Why was this built in this way?
I don't think this behavior is something we ever decided intentionally. There are two other things that we decided, on principle:
- When a depended-on downstream pipeline changes from failure to success, the now non-blocked upstream pipeline should continue processing.
- When someone takes a manual action to cause a pipeline to execute, they should be directly assigned as the owner of that execution.
By making both of those things true, we made it possible for people to take over jobs that they otherwise would not have the permissions to create.
This is, on paper, a privilege escalation by granting CI execution rights in a project to anyone with CI execution rights in a downstream project.

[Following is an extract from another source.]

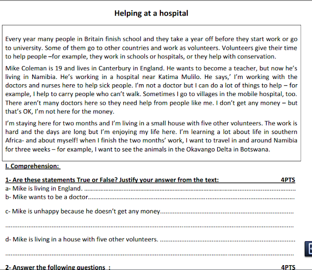 اللغة الإنجليزية 2فروض 2فروض الإعدادي

Does this actually happen to anyone?
In practice on our ops instance, we saw subsequent jobs, especially trigger jobs to other downstream pipelines, fail because the jobs had all been reassigned to a user that did not have permission to take the actions of a job that normally belongs to the release bot. SETs that retried QA smoke test pipelines were taking ownership of SaaS deployments, which would then fail. This is not good for us, but could potentially be worse if we were more picky about who deploys when and had a problem with tracing accountability.
A Proposal
My proposal is simply to not reset the source bridge (trigger job). Conveniently, grouppipeline authoring is already working on the functionality to directly retry a trigger job &6947 (closed). This is already useful in a scenario where the downstream pipeline is fails to be created at all. Permissions problems, such as the kind we saw in #348465 (closed), are an example of when we want this kind of retry functionality. It was never built, because retrying the downstream pipeline, by resetting the source bridge, effectively retried the source bridge job automatically.
We should not do this. At least not without checking the CI permissions in the upstream project first. Something to the effect of:
module Ci
class Pipeline
def reset_source_bridge!(current_user)
- return unless bridge_waiting?
+ return unless bridge_waiting? && user.can?(:execute_pipeline, source_bridge.project)
source_bridge.pending!
Ci::AfterRequeueJobService.new(project, current_user).execute(source_bridge) # rubocop:disable CodeReuse/ServiceClass
end
So because the upstream pipeline will no longer restart it's execution, we'll probably also want to send some kind of notification to the upstream project if and when the downstream pipeline succeeds. At this point, the upstream pipeline will be "unblocked", and someone with correct permissions can click retry &6947 (closed) to restart upstream execution.
Summary of Changes
- Check user CI permissions in upstream project before resetting the status of the upstream bridge job
- Make sure that the new "Retry" functionality &6947 (closed) marks a bridge job as successful when the downstream pipeline has been retried and fixed.
- In case where the source bridge is not restarted, provide some kind of notification in the upstream project of the downstream pipeline success. Someone needs to be reminded to retry the source bridge to start the upstream pipeline execution.